Aid agencies are struggling to provide assistance to around 1 million Rohingya population and also the needs of host communities to improve poor conditions, provide safety of women and children, and fulfil the basic needs of all. The major issues are regarding social protection, economic assistance for sustenance and health care services. The weather changing conditions, floods, landslides, contamination of water and damages to the shelter do not put the communities in a safe spot. The World Bank announced grant figure of half a million to provide support to Bangladesh for addressing the needs of Rohingya refugees with health, sanitation, disaster risk management, sustainable use of forest, coastal area safety and rural development. Health care of the people due to the conditions of floods, landslides and the following outbreak of waterborne diseases are at a higher risk. Subsequently, the need to educate the vulnerable refugee youth and children is another important factor. 

Finding balance amidst the challenges

In the climate vulnerable countries with the influx of people it becomes quite challenging to provide social, economic protection and fulfil basic needs at times. In the disaster prone areas where multiple risks are attached, it requires several agencies, both the public and private sector to work together in making the communities climate resilient. Also, monitor changes closely for effective strategies and execution for minimum effect on the livelihood. Making people climate resilient through policy interventions and mainstreaming the major risks is helpful in preparing for the conditions that may arise from time to time. Bangladesh is the first country to have developed a climate resilience program with national level planning and guidelines. The need is to strengthen the institutions with adequate funding arrangements, appropriate execution and fulfilling the human resource requirements for effectiveness. 

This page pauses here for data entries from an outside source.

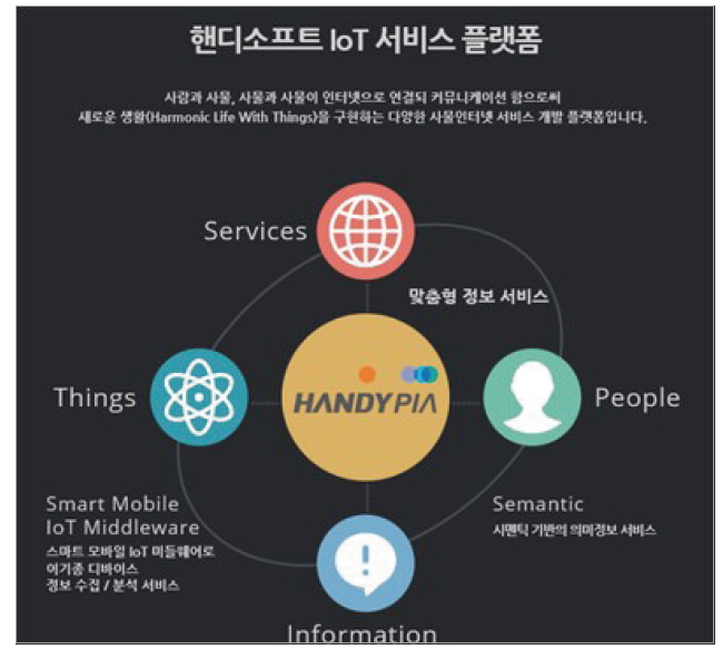 Handypia IoT 플랫폼은 사물의 IoT 연동 및 데이터 처리, 시맨틱 기반의 분석 기능을 제공하는 국제 표준기반의 IoT 플랫폼이다. 이 제품은 ▲국제 표준(ISO/IEC 30128) 기반의 미들웨어 ▲다양한 사물 등록, 사물 관리 및 사물 데이터 처리 인터페이스 제공 ▲시맨틱 웹 기술을 접목한 시맨틱 데이터 처리(변환, 적재) ▲대용량 시맨틱 데이터 레파지토리 기반의 시맨틱 추론 기능 등을 지원한다.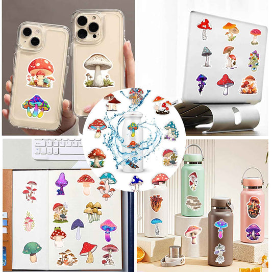 FJHAIY Mushroom Cosmetic Bag & Bracelets Gift Set - 50PCS Mushroom Stickers - Perfect for Women, Travel & Cosmetic Storage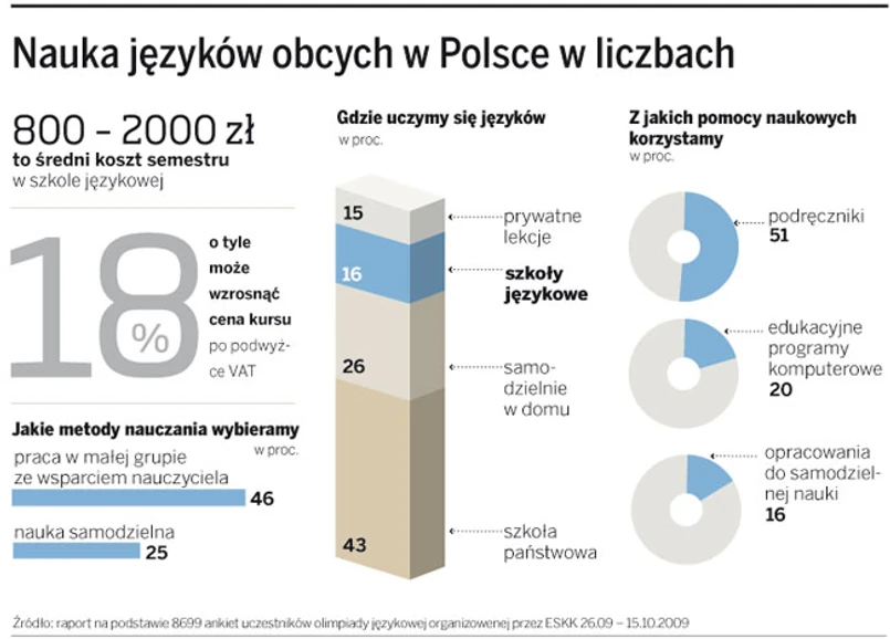 Według ekspertów stawka 22 proc. oznacza totalne załamanie się tego rynku. – Dane, które mamy, mówią o tym, że w ciągu ostatniego roku szkoły odczuły odpływ klientów na poziomie 25 proc. A niektóre, najczęściej te w biedniejszych rejonach, nawet do 50 proc. – mówi Magdalena Rowecka, wiceprezes zarządu PASE. I zaznacza, że mniejsze zainteresowanie kursami językowymi wynika z kryzysu – ludzie mają mniej pieniędzy.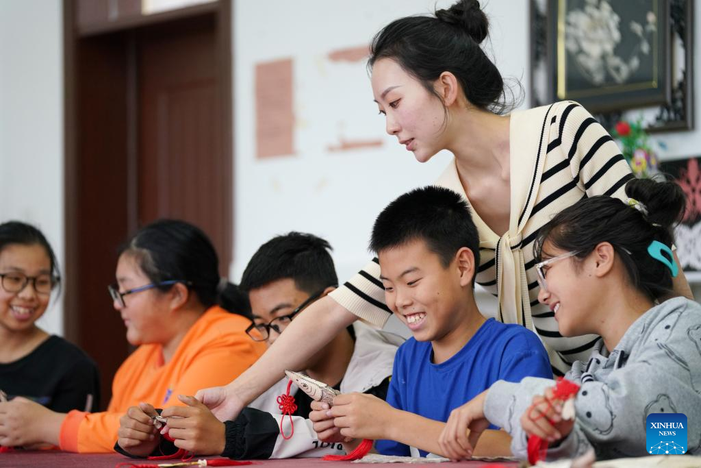 Shang Meihan instructs children to make handicrafts in the Hezhe ethnic village of Zhuaji in Wusu Township of Fuyuan City, northeast China's Heilongjiang Province, Sept. 7, 2022.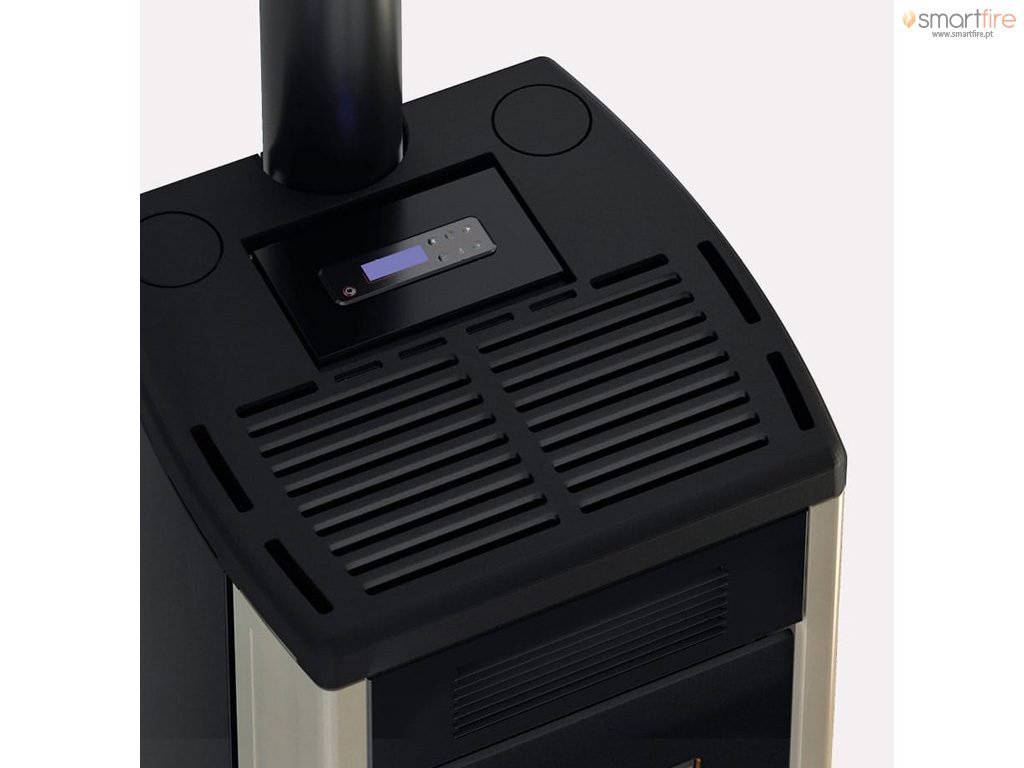 Inclui Wi-Fi integrado para controlo remoto. É versátil, podendo ser instalada com saída de fumos superior ou traseira.

Policy changes and adjustment in the national level planning, that support the well-being opportunities to support both communities in tourism, salt production and fisheries and promote the sustainable development goals are necessary. Public and private sector’s inclusive strategies for development of both communities; from financing for livelihood improvement, education, investment in the various sectors, planning and enhancing the mobility of labour are crucial. Also, conservation management plans for the protection of the environment and continuous improvement of institutional mechanism should be implemented. Improving the economic benefit, as the people are consumers, climate financing for development, provide labour and also skill training etc. The new projects with the climate finance to aim at increasing resilience and also, explore financing opportunities for Green climate fund.

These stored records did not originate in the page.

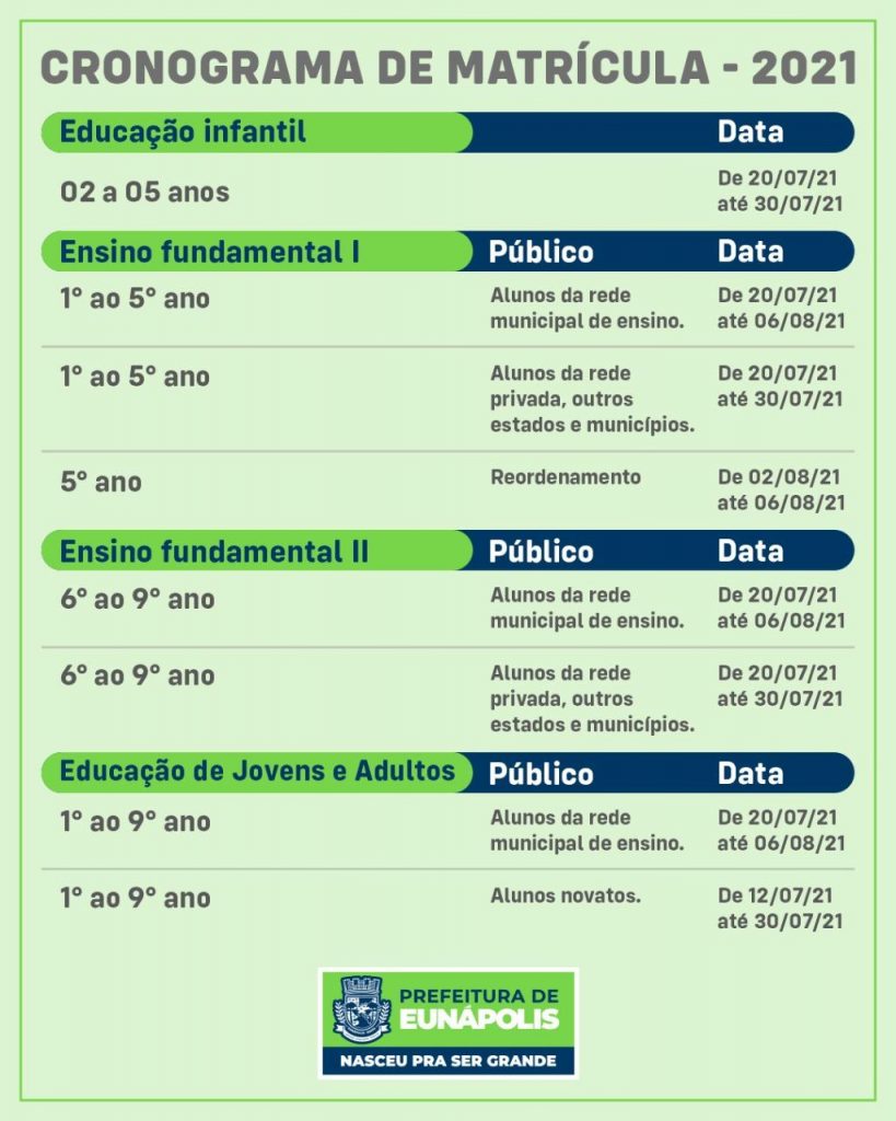 A Secretaria de Educação de Eunápolis informa a abertura das matrículas para o ano letivo 2021. Educação infantil, ensino fundamental I e II, e Educação de Jovens e Adultos são as modalidades ofertadas pela rede de ensino pública municipal.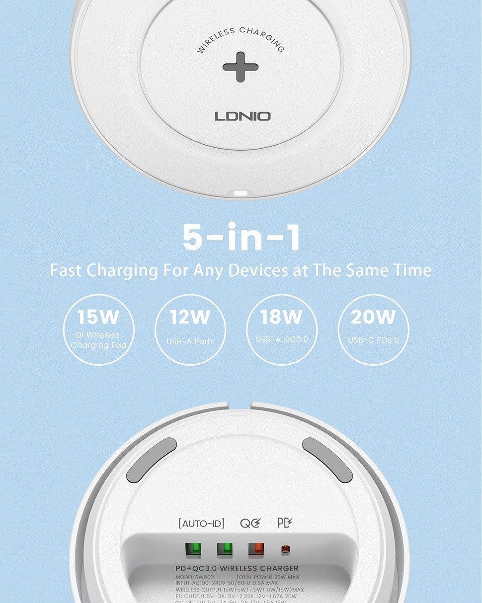 Беспроводное зарядное устройство Ldnio AW003 3 USB/ Type-C QC PD 32W белое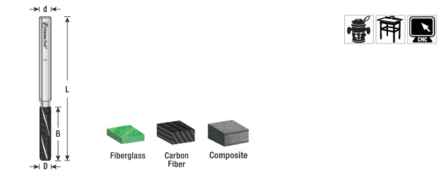These tools offer outstanding finishes in the most abrasive of glass fiber or CFRP applications. Combining a downcut spiral with ultra abrasion-resistant embedded diamonds. Excellent for superb top finishes and outstanding performance. For use on routers and machining centers with or without CNC systems. Must secure workpiece.

International organizations including UNHCR, IMO and UNDP are helping countries to focus on the issue of migration in the national development to enhance community based integration, environmental monitoring, and building capacity at local level. The focus should be equal on the host communities with the refugees for overall mobilizing effort -- handling the tension between the host community and the refugees for the resources, land and opportunities. The need is for multiple stakeholders to collaborate and coordinate for improvement of the social security, in a way the needs of both; the host communities and the Rohingya refugees are considered as well as providing alternative options to put less pressure on the natural resources, which considers both the environment and the people.

Ambalika Singh holds an LLM in Global Environment and Climate Change Law from the University of Edinburgh, UK. She is currently a visiting researcher at ICCCAD.